10.6 AMENDMENTS AND WAIVERS. No amendment, modification, termination or
waiver of any term or provision of this Agreement, of the Interim Notes, or,
prior to the execution and delivery thereof, of the form of the Registration
Rights Agreement or the form of the Senior Indenture, or consent to any
departure by the Company therefrom, shall in any event be effective without the
prior written concurrence of the Company, and the Majority Lenders; provided
that without the prior written consent of each Lender affected, an amendment,
modification, termination or waiver of this Agreement, any Interim Notes, and,
prior to the execution and delivery thereof, of the form of Registration Rights
Agreement or the form of Senior Indenture or consent to departure from a term or
provision hereof or thereof may not: (i) reduce the principal amount of Interim
Notes whose holders must consent to any such amendment, modification,
termination, waiver or consent; (ii) reduce the rate of or extend the time for
payment of principal or interest on any Note; (iii) reduce the principal amount
of any Note; (iv) make any Note payable in money other than that stated in the
Note; (v) amend, change or modify in any material respect the obligation of the
Company to make and consummate a Change of Control Offer after the occurrence of
a Change of Control; and provided, further, that without the consent of the
Agent, no such amendment, modification, termination or waiver may amend, modify,
terminate or waive any provision of Section 9 as the same applies to the Agent
or any other provision of this Agreement as it relates to the rights or
obligations of the Agent. Any waiver or consent shall be effective only in the
specific instance and for the specific purpose for which it was given. No notice
to or demand on the Company in any case shall entitle the Company to any further
notice or demand in similar or other circumstances. Any amendment, modification,
termination, waiver or consent effected in accordance with this Section 10.6
shall be binding upon each holder of the Interim Notes at the time outstanding,
each further holder of the Interim Notes, and, if signed by the Company, on the
Company.
10.7 INDEPENDENCE OF COVENANTS. All covenants hereunder shall be given
independent effect so that if a particular action or condition is not permitted
by any of such covenants, the fact that it would be permitted by an exception
to, or be otherwise within the limitation of, another covenant shall not avoid
the occurrence of an Event of Default or Default if such action is taken or
condition exists.
10.8 ENTIRETY. The Loan Documents embody the entire agreement of the
parties and supersede all prior agreements and understandings, if any, relating
to the subject matter hereof and thereof.

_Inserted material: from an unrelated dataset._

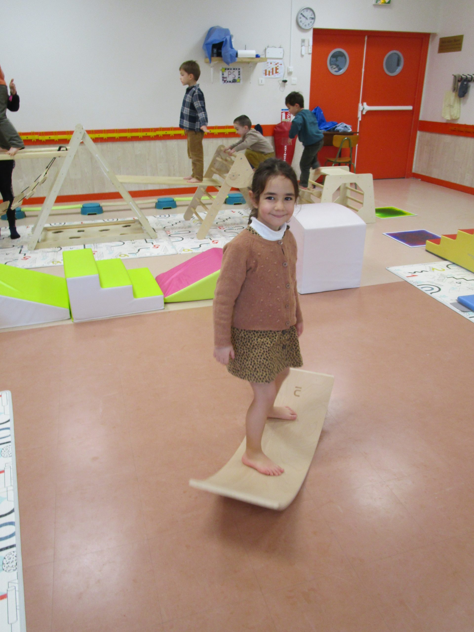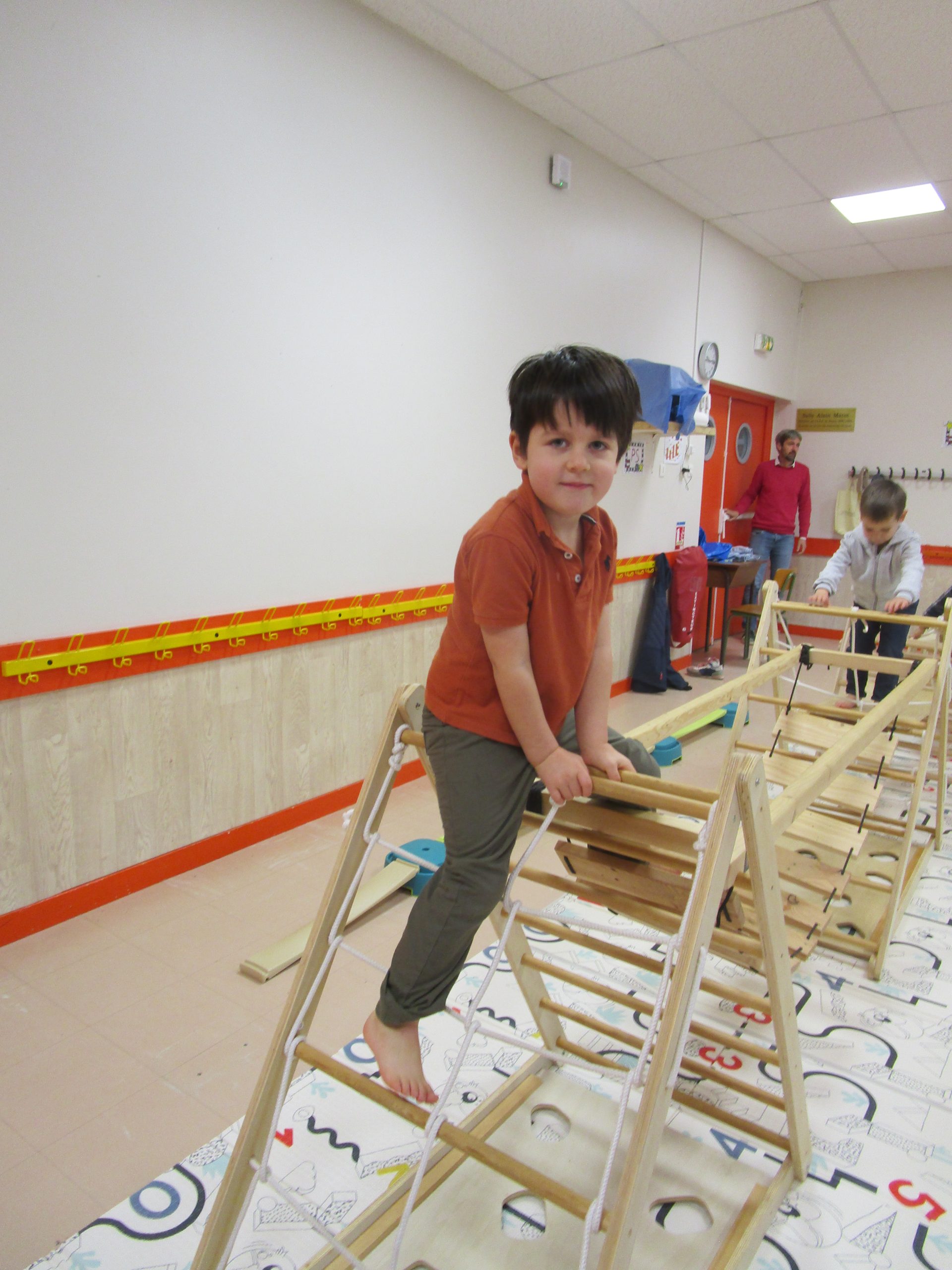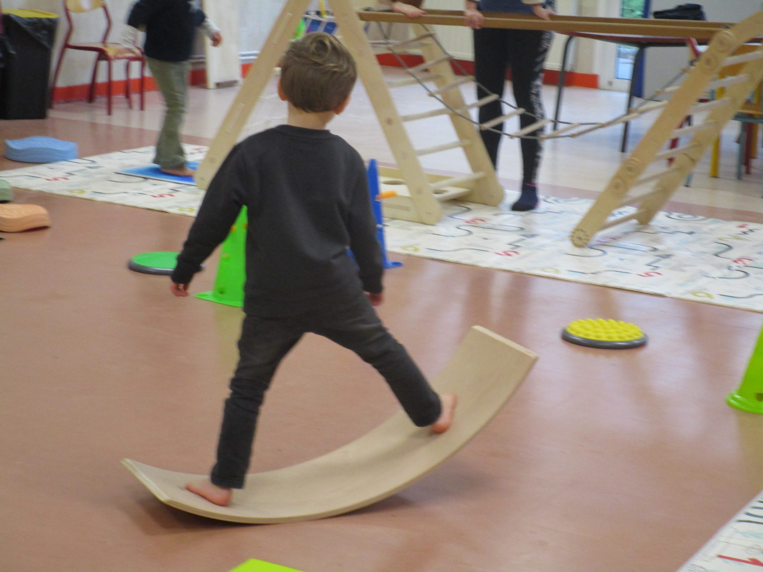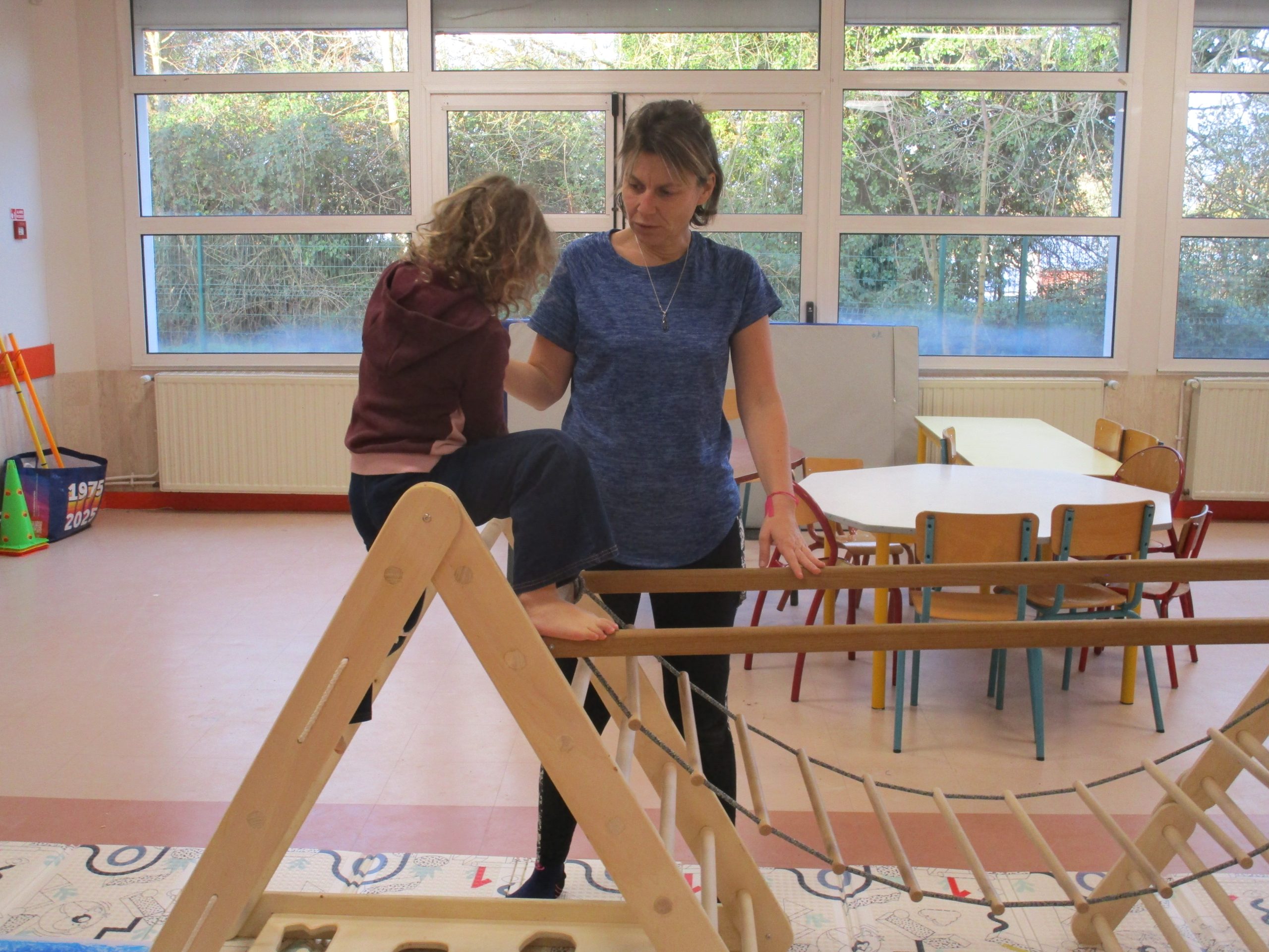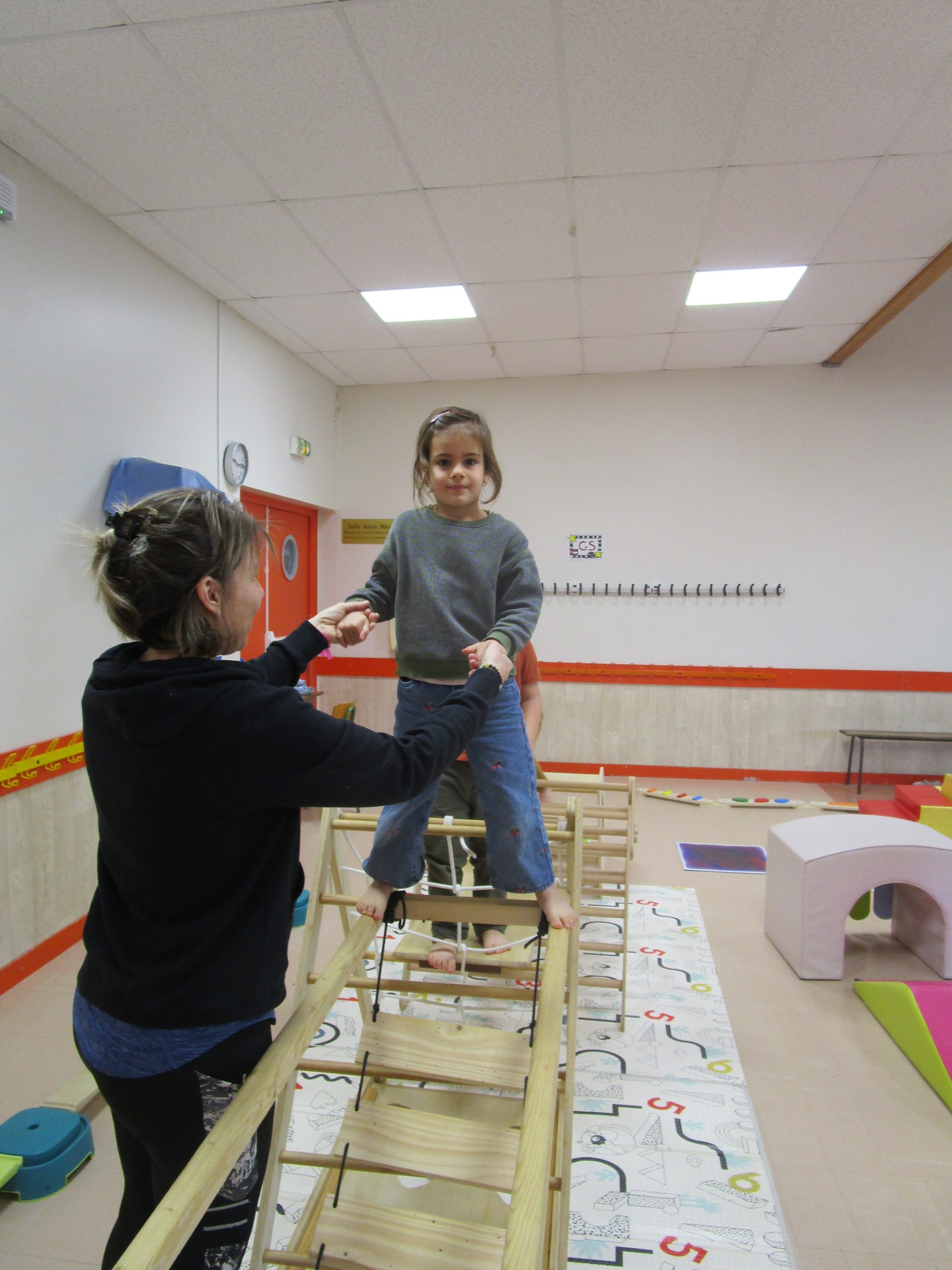 Nous avons la chance d’accueillir VALERIE, la maman d’ALIX, avec son parcours de motricité XXL. Quel plaisir de déambuler, grimper, rouler, escalader… pieds nus dans ces magnifiques structures aux multiples facettes : pont de singe, tunnel, espalier, poutres… Le plaisir des enfants était réel, très visiblement réel !!!

10.9 NOTICES. Unless otherwise provided herein, any notice or other
communications herein required or permitted to be given shall be in writing and
may be personally served, telecopied, telexed or sent by mail and shall be
deemed to have been given when delivered in person, upon receipt of telecopy or
telex against receipt of answer back or four Business Days after depositing it
in the mail, registered or certified, with postage prepaid and properly
addressed; provided that notices shall not be effective until received. For the
purposes hereof, the addresses of the parties hereto, until notice of a change
thereof is delivered as provided in this Section 10.9, shall be set forth under
each party's name on the signature pages hereto.
10.10 SURVIVAL OF WARRANTIES AND CERTAIN AGREEMENTS.
A. All agreements, representations and warranties made herein
shall survive the execution and delivery of this Agreement, the making of the
Interim Loan hereunder and the execution and delivery of the Interim Notes and,
notwithstanding the making of the Interim Loan, the execution and delivery of
the Interim Notes or any investigation made by or on behalf of any party, shall
continue in full force and effect as long as any Obligations remain outstanding.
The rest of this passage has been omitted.